Fair valuation (mNAV=1.0): The stock price just reflects the value of holding Bitcoin.
mNAV = 1.0 means that the company’s current market capitalization is roughly the true value of Bitcoin assets, and it is neither overvalued nor undervalued.
Currently, mNAV has retested to 1, meaning the stock price almost perfectly reflects the net value of its Bitcoin holdings, with neither a premium nor a discount. For Kendrick, this is an extremely important signal, indicating that market risk appetite has been completely reset. He describes other indicators also simultaneously sliding to “absolute zero,” suggesting the market has entered a typical “capitulation sell-off” phase, which is usually a necessary condition before a bear market bottom appears.
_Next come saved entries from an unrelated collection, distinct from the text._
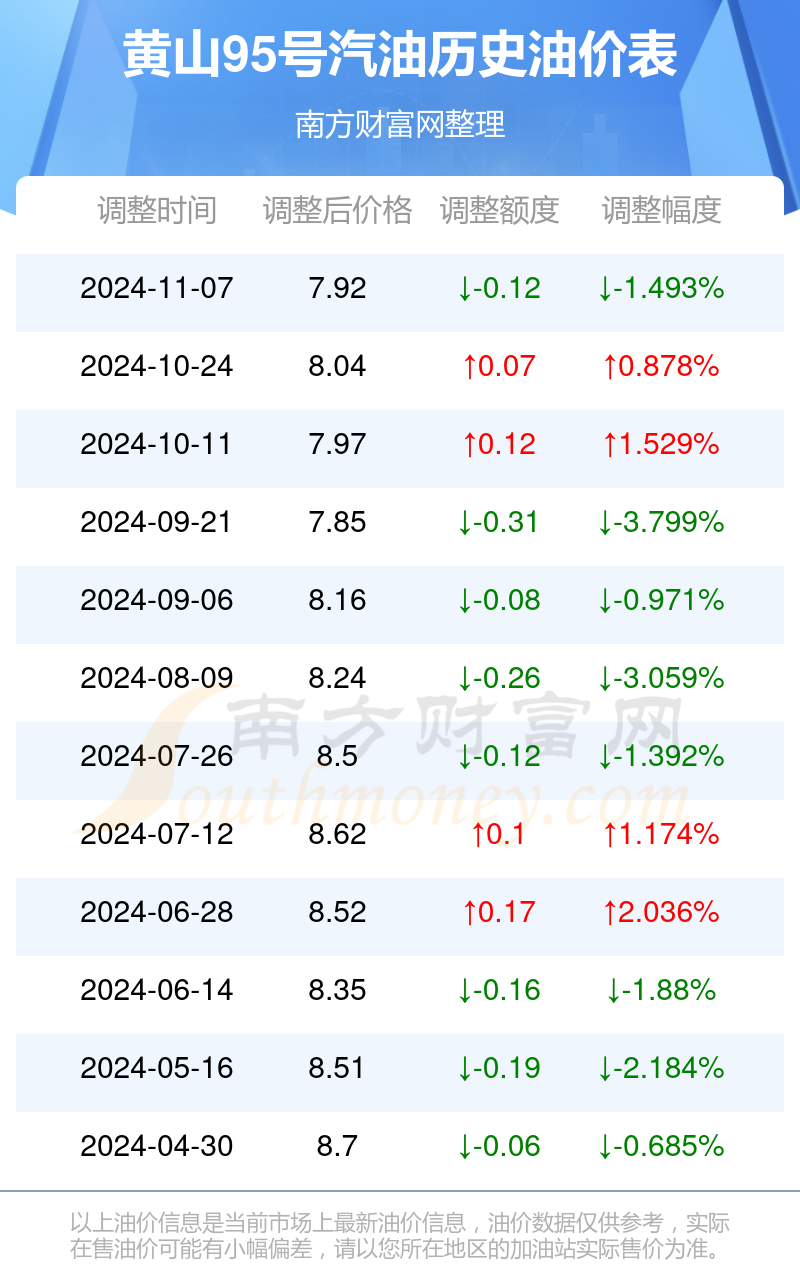 11月27日,黄山95号汽油今日价格(调整时间为11月7日):7.92元每升,对比上次调整(10月24日)的油价8.04元每升,共减了0.12元,减幅达1.493%。
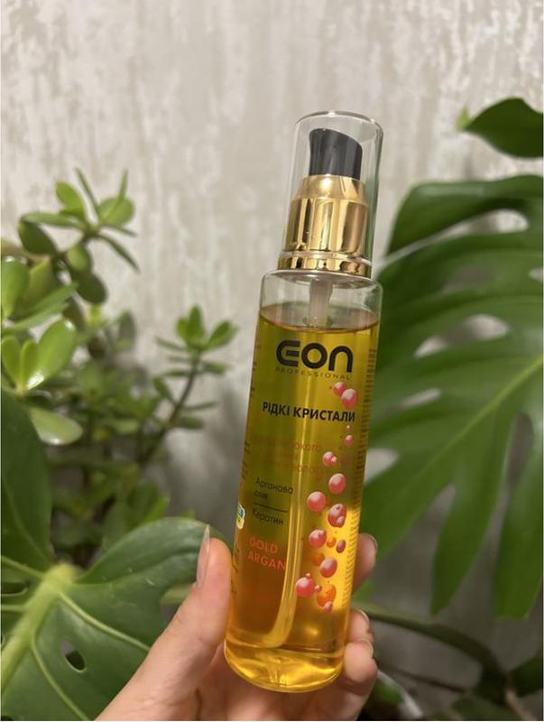 Рідкі кристали від українського бренду EON Professional Gold Argana містять кератин і натуральне масло Аргана, які регенерують пошкоджені ділянки, згладжують волосяні кутикули, заповнюють порожнечі, склеюють розшарується кінчики і попереджають їх подальше руйнування. Засіб дарує пасмам шовковистість, м'якість і блиск. Він допомагає впоратися з неслухняними завитками, полегшує процес розчісування і перешкоджає сплутування волосся. Рідкі кристали уповільнюють процеси дегідратації і надійно захищають локони від згубних факторів навколишнього середовища. Спосіб застосування: нанести кілька крапель рідких кристалів на вимиті і підсушені рушником, але ще вологе волосся, потім приступити до звичайної сушінні волосся. Засіб можна наносити навіть на сухі укладене волосся. Головне, щоб шкіра голови і волосся було чистим.
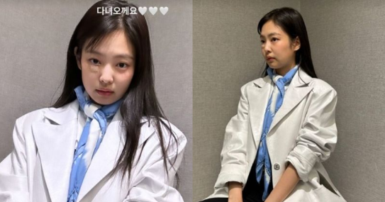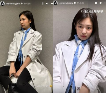 Jennie於6日透过自己的IG story上分享了几张照片,并写著我去去就回〜照片中Jennie穿著全身香奈儿品牌的白色长版风衣,围著浅蓝与白色的渲染领巾,搭配黑色紧身牛仔裤,不愧是人间香奈儿。为了参加时装周而前往法国巴黎,不忘在出发前与粉丝们打招呼。她的右眼下方贴著OK绷,侧面看起来甚至还有点肿,令粉丝们看起来相当心疼。

He therefore judges that this plunge should be nearing its end.
Kendrick’s observations align with recent analysis from cryptocurrency exchange Bitfinex. Bitfinex points out that on-chain data has shown signs of capitulation, including a reduction in losses for short-term holders and a slowdown in the momentum of realizing losses on-chain. These indicators often suggest that the most intense selling pressure has passed, and the market is gradually entering a stabilization phase. Historically, these on-chain signals have often preceded price reversals.
After a period of intense market volatility, Bitcoin briefly rebounded below $93,000 on Tuesday, recovering approximately 3.8% from its overnight low. While the rebound remains fragile, Kendrick emphasized that this aligns with his basic expectation of a year-end rally. He believes that with continued long-term capital inflows, improved ETF structure, and accumulation by long-term holders, Bitcoin still has the potential for a year-end counterattack. Kendrick concluded his report by stating that he believes the basic pattern of this sell-off is complete, and if Bitcoin continues its performance after previous corrections, a rebound before the end of the year remains the most likely scenario. As the market gradually digests the selling pressure, the coming weeks will be crucial in validating these arguments. Among various indicators, the continued changes in Strategy mNAV, the behavior of short-term on-chain holders, and the flow of funds in spot ETFs will be important clues for investors to determine whether Bitcoin has truly bottomed out.